A family that lost its home in a regime bombing of the Dahra Awad neighbourhood, east of Aleppo. Photo by: Mujahid Abu al-Jud

My husband got a job with the government electricity company on January 27, 2011. He received a fairly low salary, but we managed. Then on September 15, less than nine months later, he was fired because of his support for the revolution.

My husband was one of the earliest backers of the revolution. He had hated the regime for a long time, because of the massacre in Hama in 1980, the year of his birth. His father had told him how he had been imprisoned, beaten and humiliated as part of the regime’s actions.

So my husband began to volunteer for the local council. He still worked maintaining electricity supplies, but without drawing a salary.

I used to tell him to ask the people he helped for some payment, but he felt unable to.

“I swear that there are people whom I visit to fix their electricity and I see that they are much poorer than us,” he told me. “How can I ask them for money?”

After a while, the local council offered my husband a job extending and maintain high tension lines. He was very conscious that the department responsible had very little experience in this field. He used to tell me that they did not even understand how to disconnect or reconnect the supply. Fearing an accident, he became extra cautious.

I was terrified for my husband when he left for work each morning and I prayed to God to protect him and our children.

Then one day, the office called my husband and told him there was an electricity failure he had to repair. He asked them to disconnect the electricity supply, and was assured that this had been done. My husband went out to start work, assuming that there was no power in the lines.

He got to the site and climbed up the seven metre high wooden electricity pole.

When he reached the top, he positioned himself in front of the wires and secured himself with the harness he was wearing. Then he reached for the wires. But to his surprise, he received a massive electricity shock.

My husband began to scream loudly, calling on God to save him.
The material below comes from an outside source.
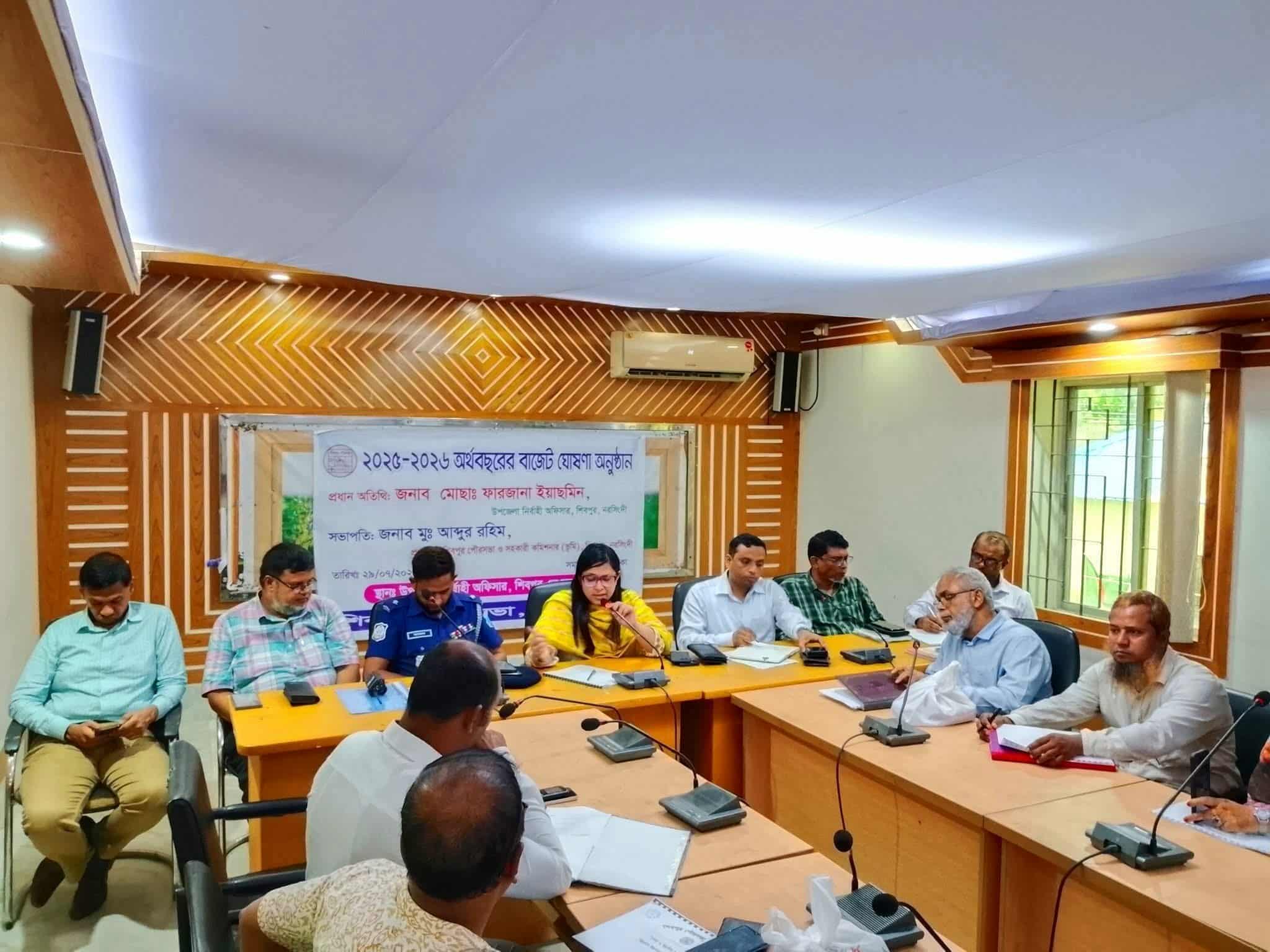 নরসিংদীর শিবপুর পৌরসভার ২০২৫-২০২৬ ইং অর্থবছরের বাজেট ঘোষণার আয়োজন করা হয়েছে। অদ্য ২৯ জুলাই মঙ্গলবার সকালে ১১ টায় শিবপুর উপজেলা পরিষদ এর সম্মেলন কক্ষে অনুষ্ঠিত এ বাজেট ঘোষণা করা হয়। বাজেট ঘোষণা অনুষ্ঠানে প্রধান অতিথি হিসেবে বক্তব্য রাখেন উপজেলা নির্বাহী অফিসার (ইউএনও) মোছাঃ ফারজানা ইয়াসমিন। অনুষ্ঠানে সভাপতিত্ব করেন শিবপুর পৌরসভার প্রশাসক ও সহকারী কমিশনার (ভূমি) মু, আব্দুর রহিম।এছাড়াও উপস্থিত ছিলেন শিবপুর মডেল থানার অফিসার ইনচার্জ মোহাম্মদ আফজাল হোসাইন, শিববপুর উপজেলা প্রকৌশলী খোন্দকার গোলাম শওকত, শিবপুর উপজেলা স্বাস্থ্য ও পরিবার পরিকল্পনা কর্মকর্তা ডাঃ মোশতানসির বিল্লাহ । উপজেলা বিভিন্ন সরকারি দপ্তরের কর্মকর্তারা বৃন্দ। অনুষ্ঠানে পৌরসভার বিভিন্ন উন্নয়ন কর্মকাণ্ড, রাজস্ব আয় ও ব্যয়ের খাতসহ ভবিষ্যৎ পরিকল্পনা তুলে ধরা হয়। বাজেট ঘোষণার মাধ্যমে পৌর নাগরিকদের জীবনমান উন্নয়ন ও পৌরসভার অবকাঠামোগত উন্নয়নের প্রতিশ্রুতি ব্যক্ত করেন শিবপুর পৌর প্রশাসক।

People gathered around watching what was happening, but no one could do anything because he was up so high on the pole. One person went to the electricity department, which was nearby, and asked them to disconnect the supply.

My husband was still struggling, begging for help.

When the electricity was cut, he managed to get down the pole safely. But as soon as he got to the ground, he fainted. The people poured water on him until he came to.

My children and I were at home with no idea what had happened. When a car drew up outside our house and some young men carried my husband out, I thought he was dead.

Our children began to cry and I couldn’t keep myself together and started to sob too.

But when the men approached, I saw my husband was still alive.

I immediately asked him,”What’s wrong with you? Why are they carrying you?”.

With tears in his eyes, he replied, “You should thank God I’m alive.”

Later, after he had rested a little and the men who brought him had left, he told me what had happened.

“I came face to face with death on that pole,” he said. “Electricity was inside my brain and I felt it in my head. I felt that I was being killed by the electricity, but at the sametime it was bringing me back to life.”

I thank God that this nightmare is over. But when my husband wanted to investigate who had been responsible for what happened, many people advised me not to do so. They said that there would be no benefit to complaining – that no one would admit to the mistake that almost got him killed.

All that happened afterwards was that my husband decided not to go back to work with the council.

He lost his job because of his support for the revolution and almost lost his life because of the some people’s carelessness. The result of both cases is that we also lost our livelihood.

It is hard to imagine losing a loved one, especially a husband or father. This experience was one of the hardest moments in our lives.

Amina al-Kashto is a 32-year-old mother-of-four from the village of Maar Tahroma in the southern Idlib countryside.